Yeah, not so much.  All the books say garlic likes to be kept free from competition (read: weeds), but I plant mine in raised beds, so weeds are just about zero problem.  As the beds get older, more random weed seed does make it into the dirt via wind, but they're easy to pull and I mulch anyway, so it's not a big deal. Other than that, they pretty much take care of themselves, with the one exception of cutting off the hardneck scapes when they get curly (to focus more energy into the bulb).

I planted garlic last year and got a good crop off of it, so this year I get to plant garlic from my own successes!  This is particularly awesome because garlic-- well, it's stupid pricey.  Like, thirty bucks a pound for organic, pricey. I didn't get organic last year-- I don't think I even thought of it, I just grabbed what the local nursery had. What they had was from a local farm, so at least I did one thing right as far as virtuous food buying goes. You can only be so obsessive, and I take it further than most folks already.

Today was absolutely gorgeous out, and the blue skies and sunshine (and possibly a double shot latte) all added up to a level of enthusiasm for garden work that I haven't felt in awhile.  Fall so far has really felt more like winter, so the garden work that needed done so far (there's been a good bit of end-of-season chores) has been done with no particular interest and a great deal of will power and layered clothing.

The fun part was planting garlic.  I planted both main types, softneck and hardneck.  Hardneck is on the left, and it's botanically "normal".  Softneck is on the right, and it's the type that most supermarkets carry, and that can be braided.  Softneck is apparently a mutation that has been encouraged by commercial breeders because it's easier to deal with, having no stiff center stalk, but the downside is that it doesn't store as long.

I don't have any idea which types I planted.  Last year I planted about eight types and carefully segregated them and kept track of them on a chart.  When I harvested them, I did the same.  But I'm no garlic connoisseur, and by the time I got ready to braid them and decorate the kitchen with them, I knew very well that I didn't really care which was which.  I know they all have different flavors and a real chef might use them accordingly, but I'm not a real chef, and this wasn't a battle I had much interest in fighting.  So this year, I planted hardneck and softneck, and no further information was kept track of.
    

Anyway, I cut off several heads of each type and headed to the garden.  Last year I planted 48 cloves, and discovered that it wasn't really enough, since not only do we need to eat on it until next July, but we also need to plant next year's crop out of it.  So at the expense of our garlic stash, this year I planted 64 cloves.  We'll see if that ends up being enough.

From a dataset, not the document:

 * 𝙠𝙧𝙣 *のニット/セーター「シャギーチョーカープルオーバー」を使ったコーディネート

Garlic cloves, incidentally, are entirely predictable.  While clove size may vary from breed to breed, within the breed planting the largest cloves will produce the largest bulbs-- which is why I now have a bunch of small bulbs hanging on my wall, having sacrificed the biggest ones to planting.  The hardneck ones were walnut sized, which was kind of delightful.  Of course, size is no indicator of flavor, and in fact I've heard that the largest garlic ("Elephant Garlic") isn't all that good tasting.  But I'm not quite evolved enough to look at things that way, and to me, big cloves means I just have mad gardening skills.  Don't disabuse me of the notion.

Here's some of the cloves:


I planted a full 4x4 bed with garlic this year.  Last year I did about 3/4 of a bed.  In normal garden dirt you might want to space them a little further apart, but in my raised beds I placed them six inches apart every direction.  I fudge spacing in the raised beds because they're not just top soil, they're almost solid compost.

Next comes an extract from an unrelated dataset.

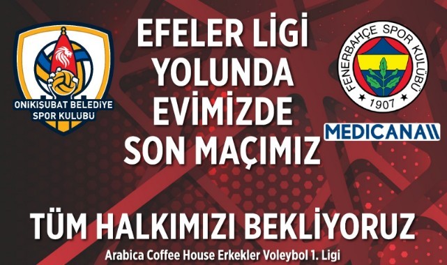 Sezon boyunca ortaya koyduğu mücadeleci oyun, azim ve takım ruhuyla dikkat çeken Onikişubat Belediye Spor Kulübü Erkek Voleybol Takımı, taraftarının desteğini arkasına alarak önemli bir galibiyet hedefliyor. Sahada ter döken Filenin Aslanları, sezonun evindeki son maçında Kahramanmaraşlı voleybolseverlerle birlikte büyük bir atmosfer oluşturmak istiyor.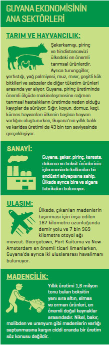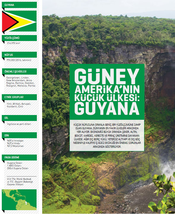 Denizaşırı seferlerde üs olarak kullanılabilmesi ve birçok yere uygun ulaşım şartlarına sahip olması sebebiyle tarih boyunca çeşitli istilalara maruz kalan; değişik zamanlarda İspanyol, Hollanda ve İngiliz işgali altına giren ülkenin devlet olarak tarihi, 1831’de Demerara, Essoquibo ve Berbice bölgelerinin birleşerek Guyana’yı oluşturmasıyla başlıyor. 1834’e kadar nüfusunu sadece İngiliz ve yerlilerin meydana getirdiği bir devlet olan Guyana’ya, bu tarihte 240 bin civarında tarım işçisi de getirilmiş. Bundan sonraki iki yüzyıl sosyoekonomik bakımdan zayıf bir İngiliz sömürgesi olarak var olan Guyana, Birinci ve İkinci Dünya Savaşları’ndan fiili olarak etkilenmese de gelişimi daha da yavaşlamış. 1953’te İngiltere’nin yardımıyla hızlı bir gelişme dönemine giren ülkede iki parti arasındaki rekabet ise İngilizlerin Guyana’ya tam bağımsızlık vermesini geciktiren en önemli etken olarak gösteriliyor. Guyana ancak 26 Mayıs 1966’da İngiliz Milletler Topluluğu (Commonwealth of Nations) üyesi bir devlet olarak bağımsızlığına kavuşurken, Guyana’yı meydana getiren üç devlet, iç işlerinde hükümete bağlı olarak, bugün de ülke yönetiminde ayrı eyaletler statüsünde varlığını sürdürüyor. Guyana, fiziki özellikleri bakımdan kıyı, orman ve savana olmak üzere üç bölgeye ayrılıyor. Kıyılar denizden itibaren 10-60 kilometre genişliğinde bir şerit ve denizden birkaç yüz metrelik irtifada olan alçak alanlarken, kıyı kısımları bu özelliği nedeniyle özel bant ve bariyerlerle korunuyor. Bu bölgeden iç kısımlara doğru gidildikçe ormanların başladığı ülkede bol yağış alan bu alanlar

I don't measure depth for seeds; I just go by the rule of thumb: plant 4x as deep as the seed is tall.  And I guesstimate.  It doesn't seem to cause any problems, except as previously mentioned, with carrots.

By the way, here's some info that you'll never find in a gardening book, and is slightly crucial to know: do not peel the cloves before planting.  Seriously, I had to search all over the place for this knowledge and never found it in a book-- I ended up getting semi-certain advice from a friend, took a chance, and she was right.  I'm not entirely sure how this conundrum came to be.  There are hundreds of books out there for beginner gardeners, and yet somehow they never answer this question.  If I'm man enough to own that I'm so clueless about garlic that I don't know whether to peel it or not before planting-- shouldn't there be a book to meet that need after I've made that admission?  I'm just sayin'.

Anyway, you plant the cloves flat side down, where the roots were coming out of when it was in bulb form.  This seems backwards to me, because the very pointy clove seems like it should be pointed down.  I'm not sure why, maybe it just brings to mind an arrow: "This end down."  ...but apparently not.

So I planted them and dumped some more compost on top.  (This particular box has been used for two years without any nutritional additions, so I added to it this time.)  Then I added 3-4" of straw on top of that to get it all through the winter.
   

And, since this is Montana, I also put some spare window screen on top.  The purpose was twofold: to prevent wind from blowing straw everywhere, and to maintain city perceptions of backwoods class.  It's pretty successful on both accounts.  I could have gone the plywood route, but I thought I'd allow it some fresh air and sunshine.


And come next spring, we'll have green shoots coming up through there!

3 comments :

  1. See? This is a bonus of having kids . . . they teach you stuff. The extent of my garlic knowledge is how to crush it through my Pampered Chef mincer. Impressive, love.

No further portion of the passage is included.